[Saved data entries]
○ ○ ○ ○ ○ ○ ○

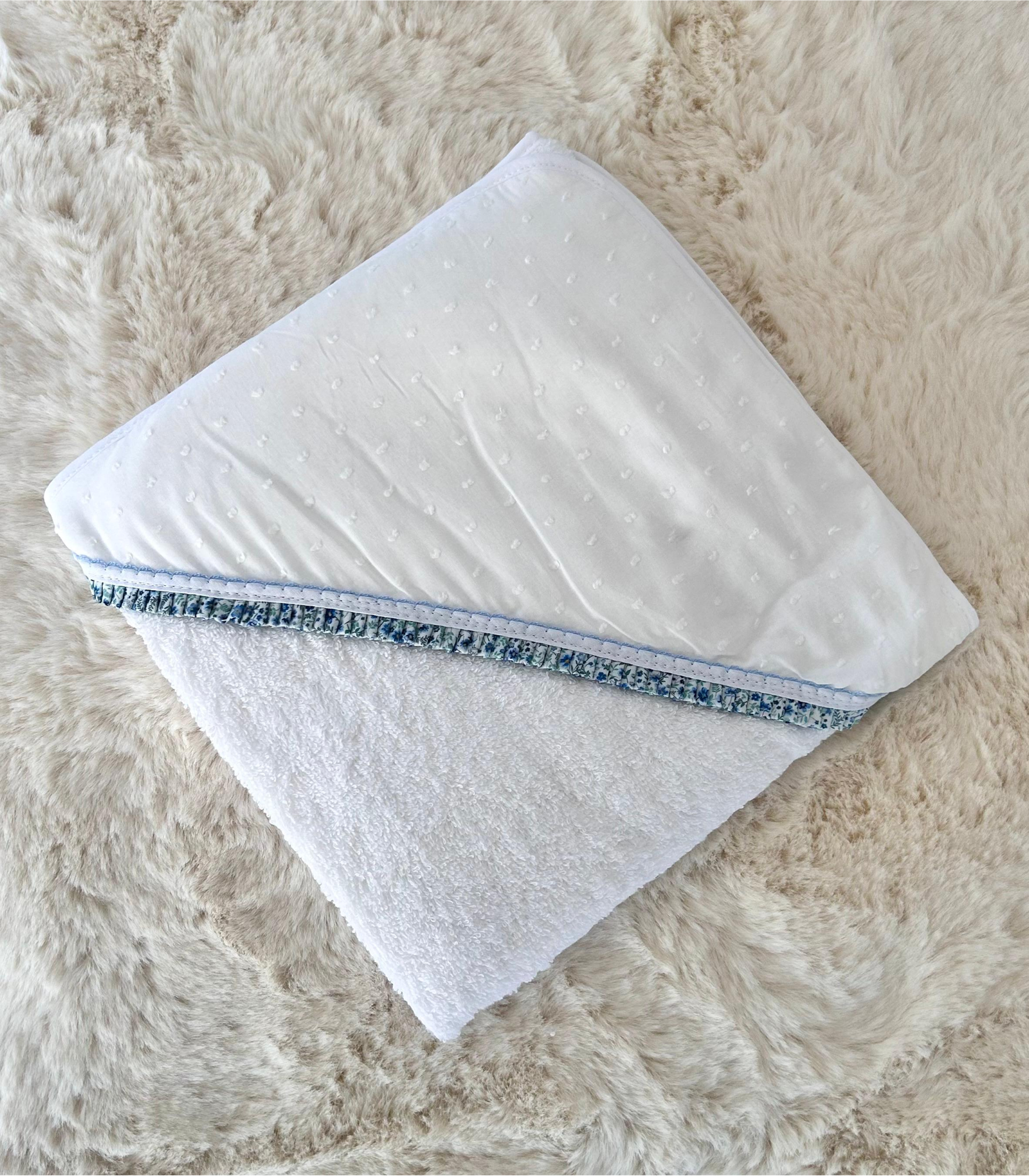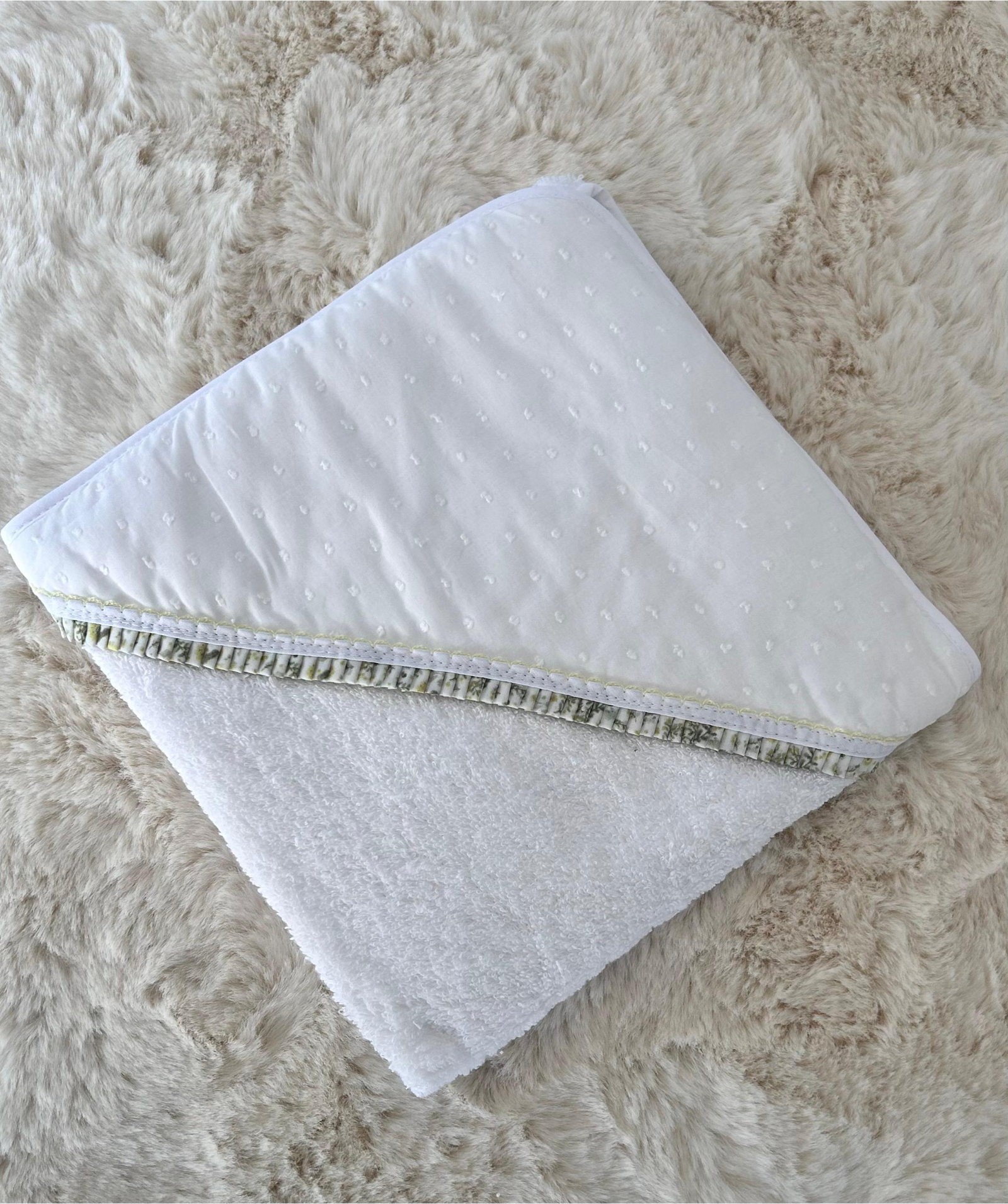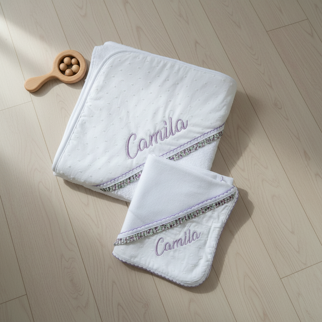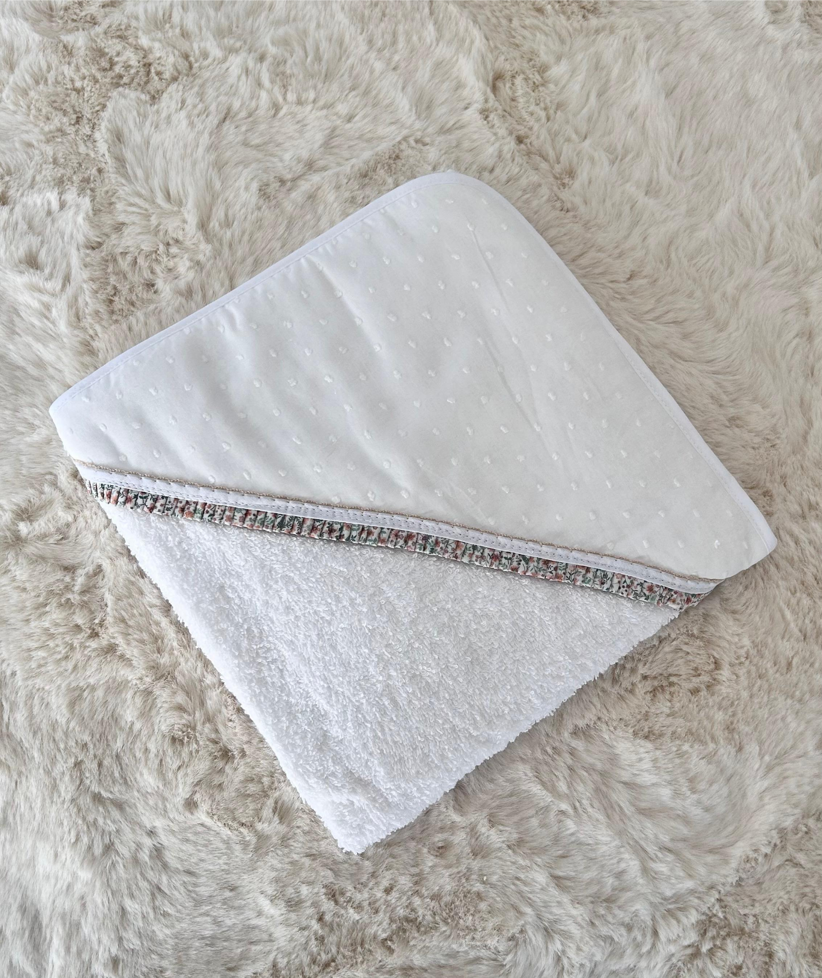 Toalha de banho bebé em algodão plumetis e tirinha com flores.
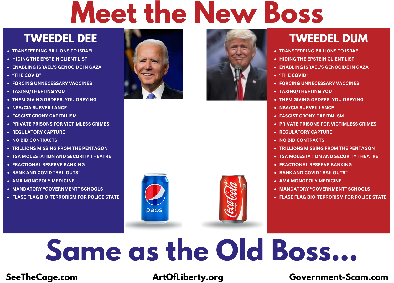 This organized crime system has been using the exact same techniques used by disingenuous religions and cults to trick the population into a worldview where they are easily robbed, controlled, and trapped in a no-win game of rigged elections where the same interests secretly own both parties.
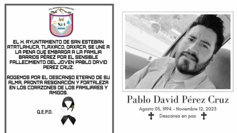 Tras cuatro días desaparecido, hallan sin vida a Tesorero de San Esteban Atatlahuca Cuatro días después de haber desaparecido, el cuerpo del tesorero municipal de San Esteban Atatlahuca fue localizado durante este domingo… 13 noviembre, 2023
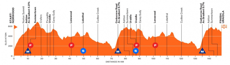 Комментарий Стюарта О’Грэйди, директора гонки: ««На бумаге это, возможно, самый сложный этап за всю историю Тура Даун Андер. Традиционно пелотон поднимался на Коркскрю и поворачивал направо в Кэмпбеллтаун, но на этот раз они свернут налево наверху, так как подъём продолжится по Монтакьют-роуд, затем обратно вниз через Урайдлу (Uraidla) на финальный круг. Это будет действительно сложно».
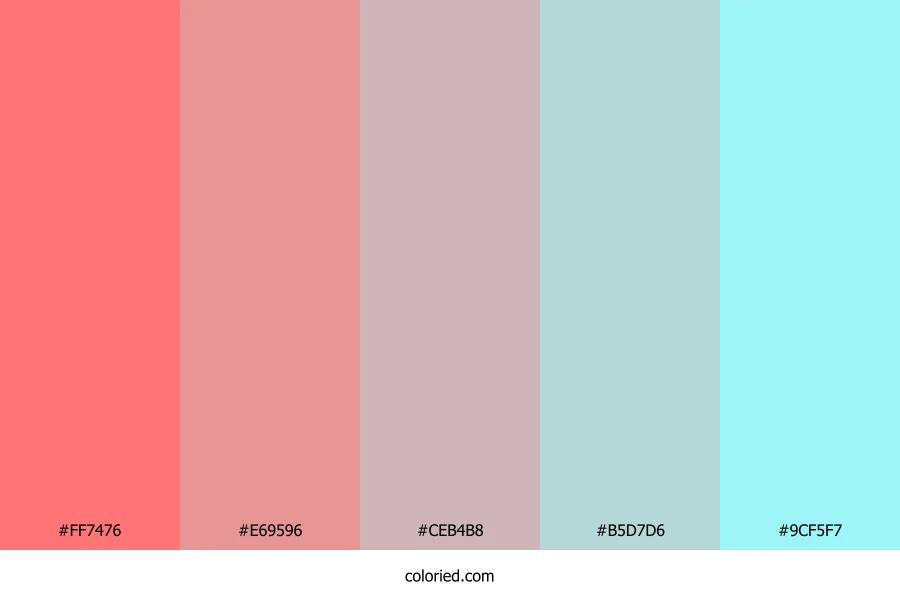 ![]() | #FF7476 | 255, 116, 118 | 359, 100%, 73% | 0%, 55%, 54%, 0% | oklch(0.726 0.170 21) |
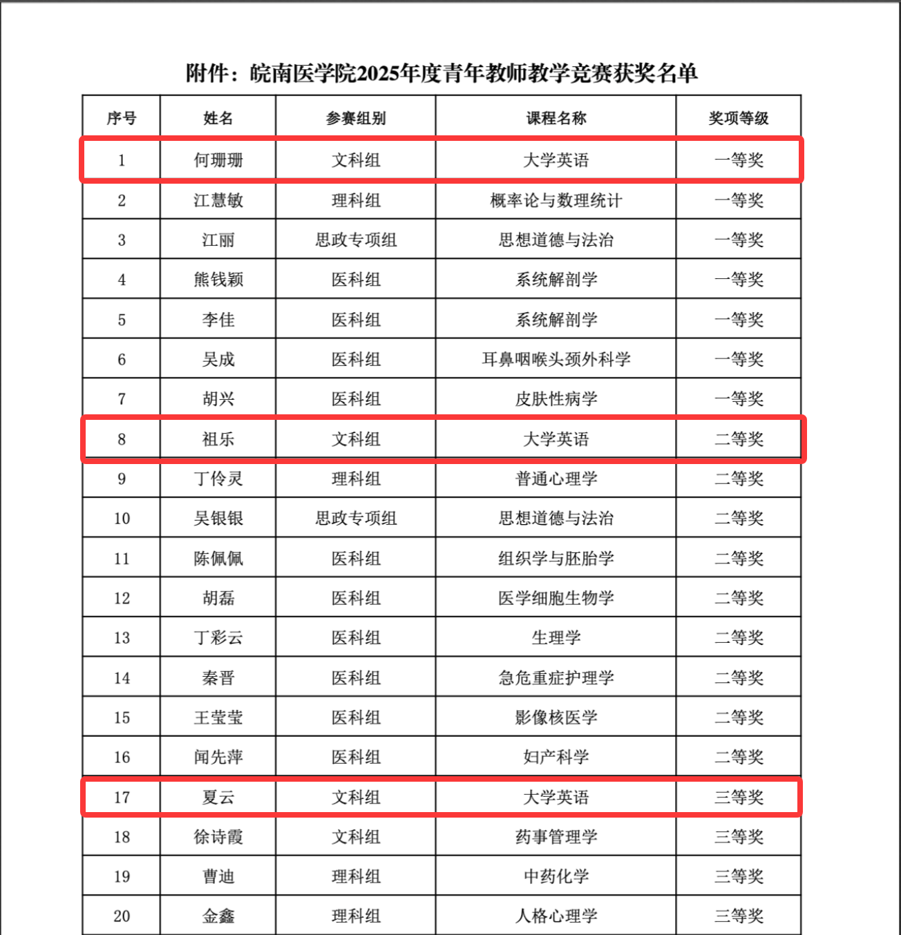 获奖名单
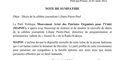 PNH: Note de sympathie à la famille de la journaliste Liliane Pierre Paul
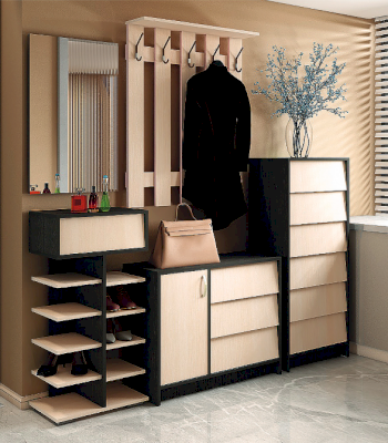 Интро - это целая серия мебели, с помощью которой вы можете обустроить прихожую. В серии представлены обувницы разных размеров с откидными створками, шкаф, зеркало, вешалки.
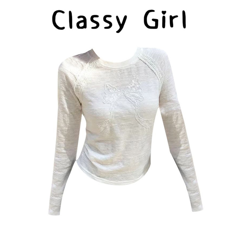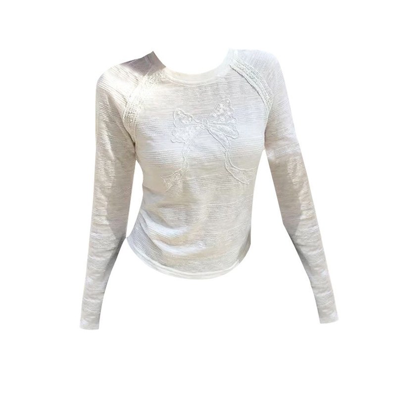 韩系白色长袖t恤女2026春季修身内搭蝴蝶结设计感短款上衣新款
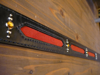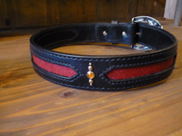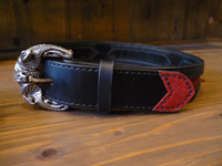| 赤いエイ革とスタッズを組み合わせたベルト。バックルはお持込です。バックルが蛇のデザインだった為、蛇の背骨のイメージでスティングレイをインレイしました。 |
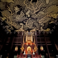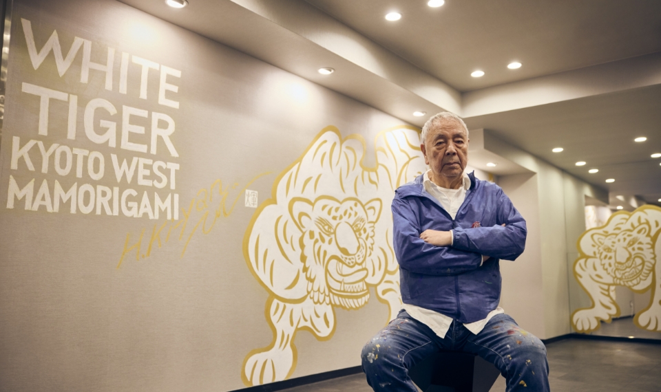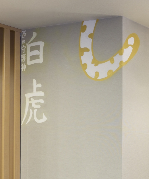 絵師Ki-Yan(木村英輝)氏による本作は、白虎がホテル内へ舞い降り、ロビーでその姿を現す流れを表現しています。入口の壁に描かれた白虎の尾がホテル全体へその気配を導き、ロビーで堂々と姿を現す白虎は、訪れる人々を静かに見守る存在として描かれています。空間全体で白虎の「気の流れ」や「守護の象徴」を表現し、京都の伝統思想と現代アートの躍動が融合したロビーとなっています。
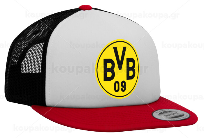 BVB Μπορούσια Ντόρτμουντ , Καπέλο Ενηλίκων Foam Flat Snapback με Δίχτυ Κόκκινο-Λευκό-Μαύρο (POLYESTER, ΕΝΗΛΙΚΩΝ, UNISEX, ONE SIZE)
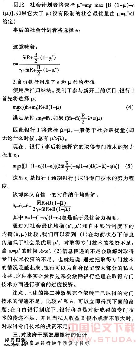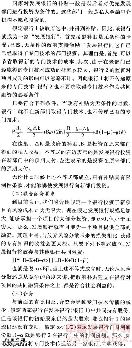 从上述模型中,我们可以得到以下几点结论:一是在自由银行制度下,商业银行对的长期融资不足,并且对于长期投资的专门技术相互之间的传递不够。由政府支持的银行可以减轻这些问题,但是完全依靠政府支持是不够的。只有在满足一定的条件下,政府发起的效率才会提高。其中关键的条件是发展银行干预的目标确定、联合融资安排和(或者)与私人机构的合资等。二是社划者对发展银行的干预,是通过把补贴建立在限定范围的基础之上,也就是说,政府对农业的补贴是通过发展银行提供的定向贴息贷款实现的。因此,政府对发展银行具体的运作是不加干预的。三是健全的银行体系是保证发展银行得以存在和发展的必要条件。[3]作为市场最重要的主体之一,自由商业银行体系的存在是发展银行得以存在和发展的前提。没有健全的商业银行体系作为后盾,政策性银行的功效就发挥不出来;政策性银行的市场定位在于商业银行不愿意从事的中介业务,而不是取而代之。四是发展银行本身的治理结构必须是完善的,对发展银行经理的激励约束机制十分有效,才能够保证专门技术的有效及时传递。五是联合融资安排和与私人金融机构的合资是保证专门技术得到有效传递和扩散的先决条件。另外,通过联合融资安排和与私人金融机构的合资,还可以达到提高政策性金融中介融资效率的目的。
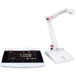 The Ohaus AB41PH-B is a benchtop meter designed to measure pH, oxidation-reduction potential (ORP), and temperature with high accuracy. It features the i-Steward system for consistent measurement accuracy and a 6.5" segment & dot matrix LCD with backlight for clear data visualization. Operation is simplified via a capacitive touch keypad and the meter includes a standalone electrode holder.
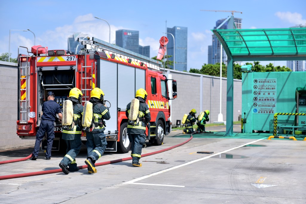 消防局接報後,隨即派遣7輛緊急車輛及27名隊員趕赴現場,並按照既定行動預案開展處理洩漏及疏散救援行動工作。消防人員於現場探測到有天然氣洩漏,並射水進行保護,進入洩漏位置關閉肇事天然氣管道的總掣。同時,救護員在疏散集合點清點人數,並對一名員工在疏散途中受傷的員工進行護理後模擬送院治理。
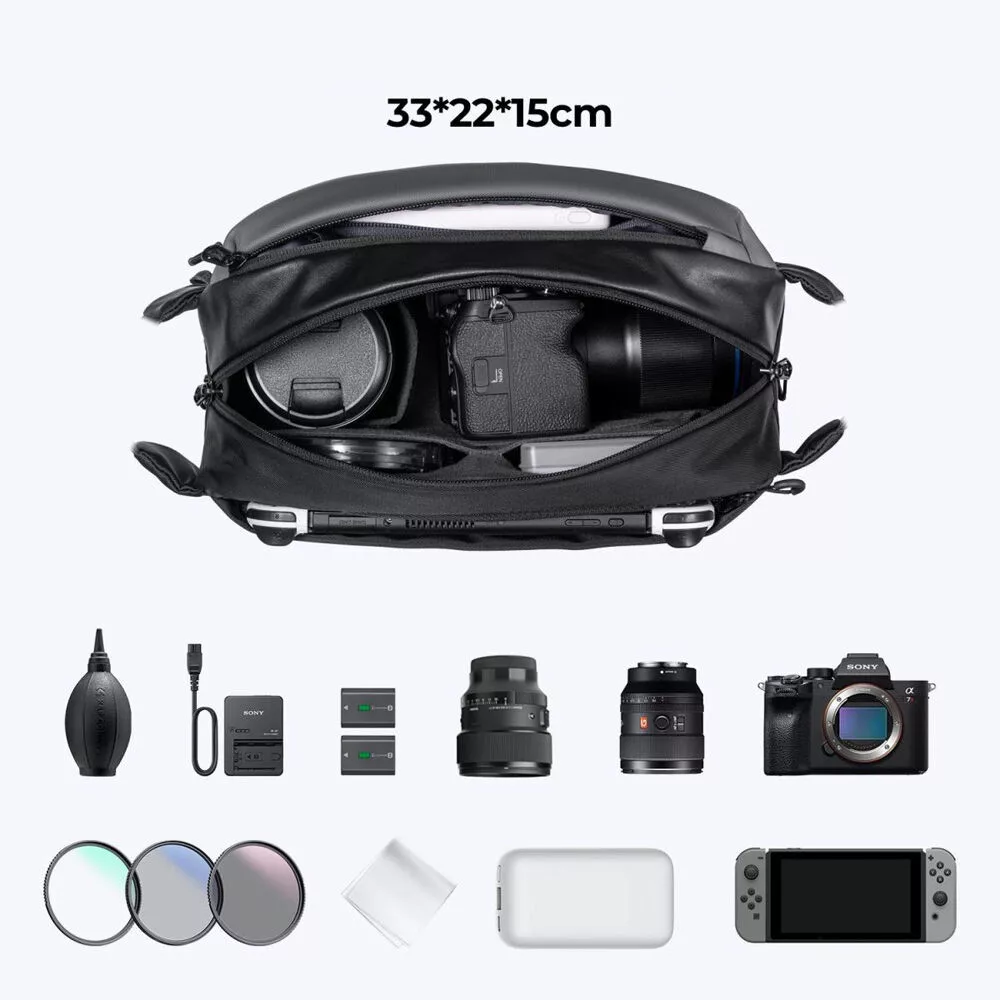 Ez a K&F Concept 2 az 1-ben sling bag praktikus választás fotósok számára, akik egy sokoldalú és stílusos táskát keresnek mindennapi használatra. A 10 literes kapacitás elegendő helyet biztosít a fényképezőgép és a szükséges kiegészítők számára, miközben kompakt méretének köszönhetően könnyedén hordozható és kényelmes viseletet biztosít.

○ ○ ○ ○ ○ ○ ○

■ Task
Give the entries above again word for word, without the pictures.

■ Answer to this task
 Toalha de banho bebé em algodão plumetis e tirinha com flores.
 This organized crime system has been using the exact same techniques used by disingenuous religions and cults to trick the population into a worldview where they are easily robbed, controlled, and trapped in a no-win game of rigged elections where the same interests secretly own both parties.
 Tras cuatro días desaparecido, hallan sin vida a Tesorero de San Esteban Atatlahuca Cuatro días después de haber desaparecido, el cuerpo del tesorero municipal de San Esteban Atatlahuca fue localizado durante este domingo… 13 noviembre, 2023
 Комментарий Стюарта О’Грэйди, директора гонки: ««На бумаге это, возможно, самый сложный этап за всю историю Тура Даун Андер. Традиционно пелотон поднимался на Коркскрю и поворачивал направо в Кэмпбеллтаун, но на этот раз они свернут налево наверху, так как подъём продолжится по Монтакьют-роуд, затем обратно вниз через Урайдлу (Uraidla) на финальный круг. Это будет действительно сложно».
 ![]() | #FF7476 | 255, 116, 118 | 359, 100%, 73% | 0%, 55%, 54%, 0% | oklch(0.726 0.170 21) |
 获奖名单
 PNH: Note de sympathie à la famille de la journaliste Liliane Pierre Paul
 Интро - это целая серия мебели, с помощью которой вы можете обустроить прихожую. В серии представлены обувницы разных размеров с откидными створками, шкаф, зеркало, вешалки.
 韩系白色长袖t恤女2026春季修身内搭蝴蝶结设计感短款上衣新款
| 赤いエイ革とスタッズを組み合わせたベルト。バックルはお持込です。バックルが蛇のデザインだった為、蛇の背骨のイメージでスティングレイをインレイしました。 |
 絵師Ki-Yan(木村英輝)氏による本作は、白虎がホテル内へ舞い降り、ロビーでその姿を現す流れを表現しています。入口の壁に描かれた白虎の尾がホテル全体へその気配を導き、ロビーで堂々と姿を現す白虎は、訪れる人々を静かに見守る存在として描かれています。空間全体で白虎の「気の流れ」や「守護の象徴」を表現し、京都の伝統思想と現代アートの躍動が融合したロビーとなっています。
 BVB Μπορούσια Ντόρτμουντ , Καπέλο Ενηλίκων Foam Flat Snapback με Δίχτυ Κόκκινο-Λευκό-Μαύρο (POLYESTER, ΕΝΗΛΙΚΩΝ, UNISEX, ONE SIZE)
 从上述模型中,我们可以得到以下几点结论:一是在自由银行制度下,商业银行对的长期融资不足,并且对于长期投资的专门技术相互之间的传递不够。由政府支持的银行可以减轻这些问题,但是完全依靠政府支持是不够的。只有在满足一定的条件下,政府发起的效率才会提高。其中关键的条件是发展银行干预的目标确定、联合融资安排和(或者)与私人机构的合资等。二是社划者对发展银行的干预,是通过把补贴建立在限定范围的基础之上,也就是说,政府对农业的补贴是通过发展银行提供的定向贴息贷款实现的。因此,政府对发展银行具体的运作是不加干预的。三是健全的银行体系是保证发展银行得以存在和发展的必要条件。[3]作为市场最重要的主体之一,自由商业银行体系的存在是发展银行得以存在和发展的前提。没有健全的商业银行体系作为后盾,政策性银行的功效就发挥不出来;政策性银行的市场定位在于商业银行不愿意从事的中介业务,而不是取而代之。四是发展银行本身的治理结构必须是完善的,对发展银行经理的激励约束机制十分有效,才能够保证专门技术的有效及时传递。五是联合融资安排和与私人金融机构的合资是保证专门技术得到有效传递和扩散的先决条件。另外,通过联合融资安排和与私人金融机构的合资,还可以达到提高政策性金融中介融资效率的目的。
 The Ohaus AB41PH-B is a benchtop meter designed to measure pH, oxidation-reduction potential (ORP), and temperature with high accuracy. It features the i-Steward system for consistent measurement accuracy and a 6.5" segment & dot matrix LCD with backlight for clear data visualization. Operation is simplified via a capacitive touch keypad and the meter includes a standalone electrode holder.
 消防局接報後,隨即派遣7輛緊急車輛及27名隊員趕赴現場,並按照既定行動預案開展處理洩漏及疏散救援行動工作。消防人員於現場探測到有天然氣洩漏,並射水進行保護,進入洩漏位置關閉肇事天然氣管道的總掣。同時,救護員在疏散集合點清點人數,並對一名員工在疏散途中受傷的員工進行護理後模擬送院治理。
 Ez a K&F Concept 2 az 1-ben sling bag praktikus választás fotósok számára, akik egy sokoldalú és stílusos táskát keresnek mindennapi használatra. A 10 literes kapacitás elegendő helyet biztosít a fényképezőgép és a szükséges kiegészítők számára, miközben kompakt méretének köszönhetően könnyedén hordozható és kényelmes viseletet biztosít.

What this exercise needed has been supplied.